Looking further, I notice that SimpleWeightedGraph is in a different type hierarchy (with a common ancestor AbstractGraph.). I would have thought that a SimpleWeightedGraph would be a supertype of SimpleGraph. What are your thoughts on this? I do understand that because the SimpleWeightedGraph library was built after the SimpleGraph, that this might be difficult. But perhaps my logic is wrong? I am using your library, Seth as a learning tool.

Thank you.

weights is universal to AbstractGraphs and is intended to be used as an indexable structure to provide the weight of an edge from i to j by accessing weights[i, j]. It’s generally not supposed to be used as an adjacency matrix (DefaultDistance, the weight structure for SimpleGraphs, is NOT the adjacency matrix, but a struct that returns 1 for any index that corresponds to an edge), but for SimpleWeightedGraphs it is a reference to the underlying data structure. It is designed to be read-only.
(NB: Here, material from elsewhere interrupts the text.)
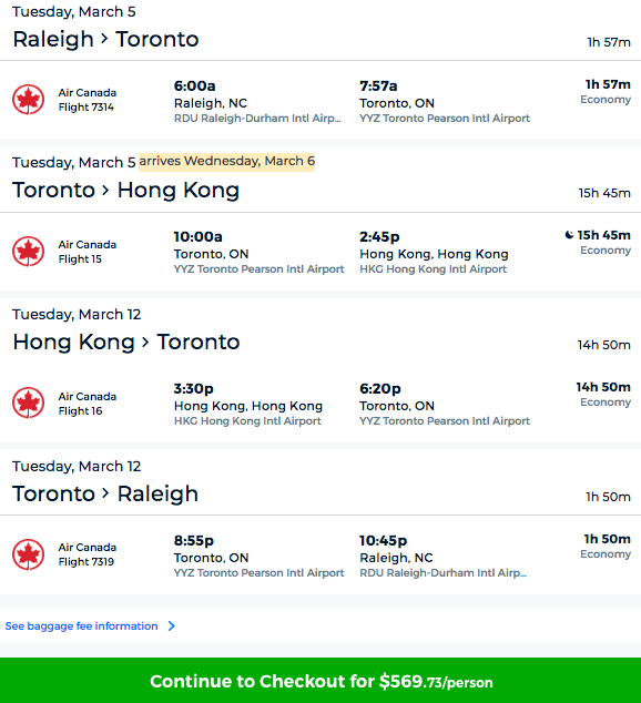 Raleigh-Durham (RDU) to Hong Kong (HKG) for $570 round-trip on Air Canada via Priceline:

The answer to your question is because we’ve found that in a lot of cases people want to modify the adjacency matrix (for some calculation) after they get it. If it is a reference, then the underlying graph might be modified as well, leading to potentially undefined behavior (if your new matrix is no longer symmetric, then it cannot be a valid undirected graph, for example).

Julia has no concept of concrete supertypes. A type is either abstract or concrete, and there has been no real need to introduce an intermediate abstract type between AbstractGraph and SimpleGraph.

I appreciate the questions and am happy to answer them. Keep 'em coming.


Thank you, Seth. Your answers make sense. So if I wanted (just for this discussion) a reference to the adjacency matrix, how would I do it?

I also notice that a SimpleGraph is a structure with fields fadjlist, badjlist, ne.
However, the structure of a weighted graph has fields weights, which is a CSC sparse matrix. The fields present in SimpleGraph are not there. I guess directly accessing the fields of a SimpleGraph is poor programming practice. :slight_smile: I still feel that SimpleGraph is a special case of a SimpleWeightedGraph with a weight of 1. At least that is how I would have implemented it. But I think I understand your point about the type hierarchy. So perhaps an AbstractGraph should really be a weighted graph.

How would you implement a MultiLayer model? Multilayers are collection of graphs G_i whose respective nodes are linked together. There is an entire theory on that (and a few Python, at least one, libraries). I just learned about this. I was thinking of implementing an SIR model where people would be modeled on two graphs. On one graph, they are at home, and on the other graph, they are at work. Multilayer graphs would (in principle allow this). More specifically, I would need a Multiplex graph (where the same nodes of two graphs are connected together). I am thinking out loud.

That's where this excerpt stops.